WHAT NEEDS TO BE DONE »
Print the records below exactly, omitting all pictures.

Saved entries »
* * *

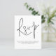 A value for money BUDGET alternative on a smaller size 4.5 x 5.6” semi-gloss 110lbs weight, which is of similar thickness to a postcard (however is not suitable to use as a postcard.). PLEASE NOTE there is ONE invite per sheet . Simple QR Code Script Wedding RSVP.  A convenient option enclosure to ask your guests to scan your QR code to your wedding website to RSVP.   A stylish set typography in black for the main heading RSVP complementing the rest of the text which you can easily personalise, with QR code on the back. Simply replace with your own.
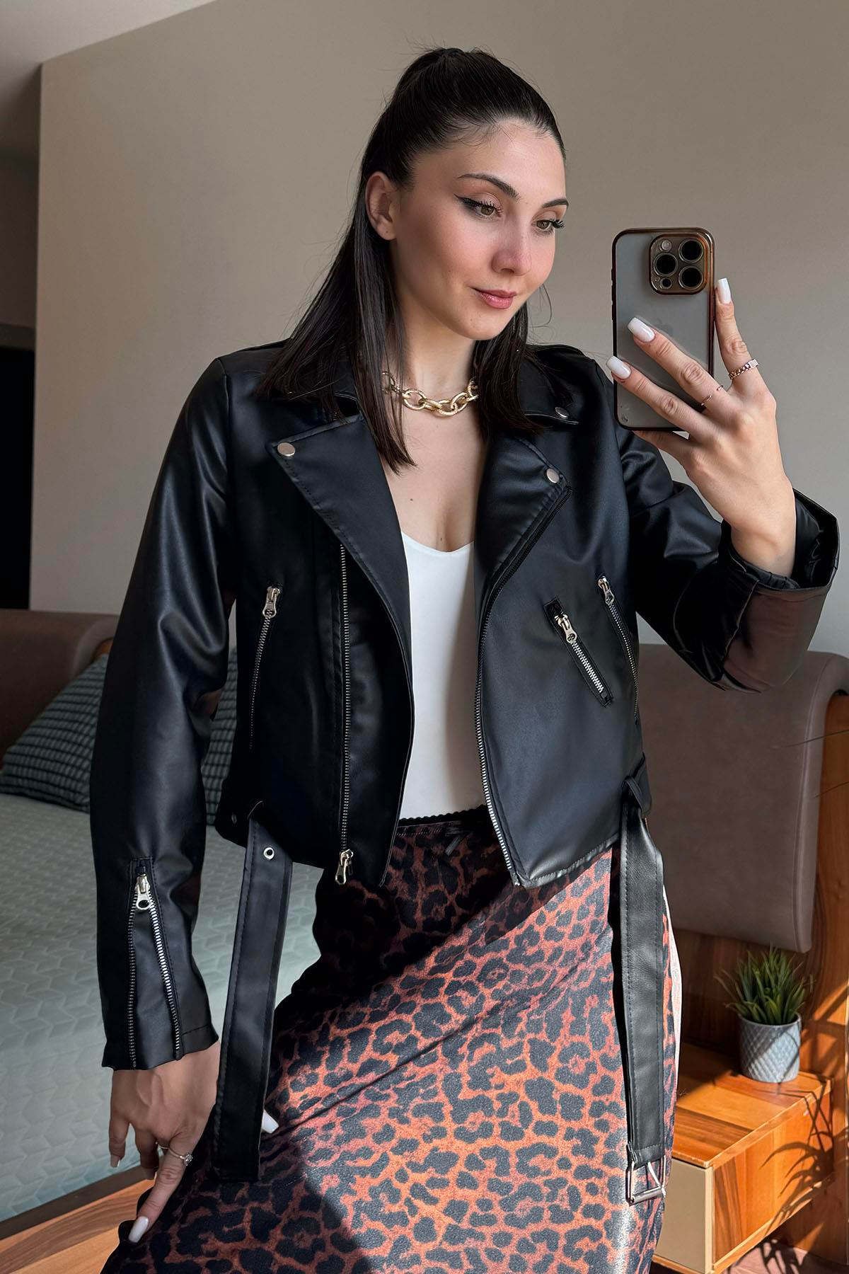 Siyah Fermuarlı Deri Mont (MBTR2061)
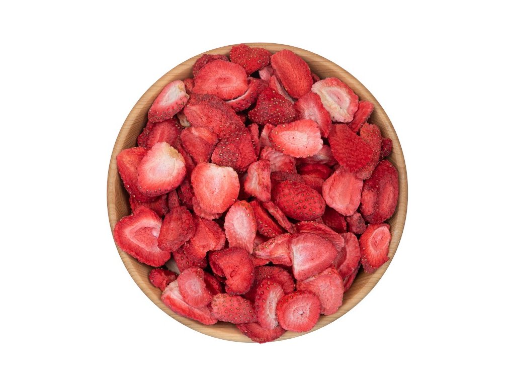 Výběrové mrazem sušené jahody. Lyofilizované jahody jsou křupavé, intenzivně aromatické a přirozeně sladké. Díky speciální metodě sušení mrazem si uchovávají plnou chuť, vůni i vitamíny. Skvěle se hodí do snídaní, cereálních směsí, pečiva nebo jako zdravá svačina na cesty.
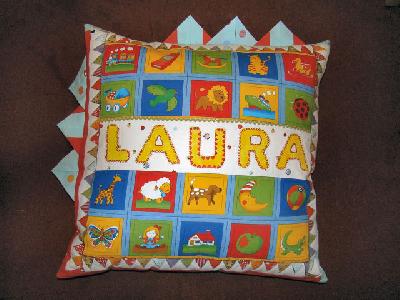 Da iwrd sich die kleine Laura aber freuen, ein richtig süßes buntes Kinderkissen.
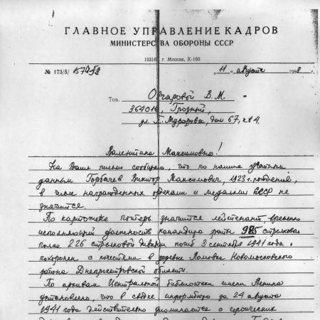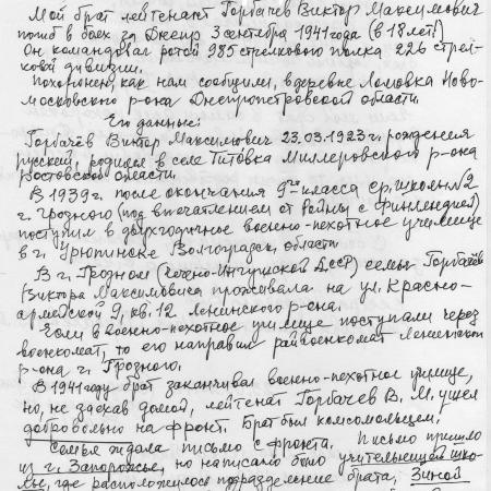 Горбачев Виктор Максимович, 23.03.1923 г.р., с. Титовка Миллеровского района Ростовской области. Лейтенант. Вр.и.о. командира роты 985 стрелкового полка 226 стрелковой дивизии. Убит 03.09.1941 г. Похоронен с. Ломовка - территория Ломовского плацдарма на левом берегу р. Днепр (ЦАМО ф. 33 оп. 11458 д. 21). В настоящее время территория г. Днепропетровск.

* * *

FINISHED TASK »
 A value for money BUDGET alternative on a smaller size 4.5 x 5.6” semi-gloss 110lbs weight, which is of similar thickness to a postcard (however is not suitable to use as a postcard.). PLEASE NOTE there is ONE invite per sheet . Simple QR Code Script Wedding RSVP.  A convenient option enclosure to ask your guests to scan your QR code to your wedding website to RSVP.   A stylish set typography in black for the main heading RSVP complementing the rest of the text which you can easily personalise, with QR code on the back. Simply replace with your own.
 Siyah Fermuarlı Deri Mont (MBTR2061)
 Výběrové mrazem sušené jahody. Lyofilizované jahody jsou křupavé, intenzivně aromatické a přirozeně sladké. Díky speciální metodě sušení mrazem si uchovávají plnou chuť, vůni i vitamíny. Skvěle se hodí do snídaní, cereálních směsí, pečiva nebo jako zdravá svačina na cesty.
 Da iwrd sich die kleine Laura aber freuen, ein richtig süßes buntes Kinderkissen.
 Горбачев Виктор Максимович, 23.03.1923 г.р., с. Титовка Миллеровского района Ростовской области. Лейтенант. Вр.и.о. командира роты 985 стрелкового полка 226 стрелковой дивизии. Убит 03.09.1941 г. Похоронен с. Ломовка - территория Ломовского плацдарма на левом берегу р. Днепр (ЦАМО ф. 33 оп. 11458 д. 21). В настоящее время территория г. Днепропетровск.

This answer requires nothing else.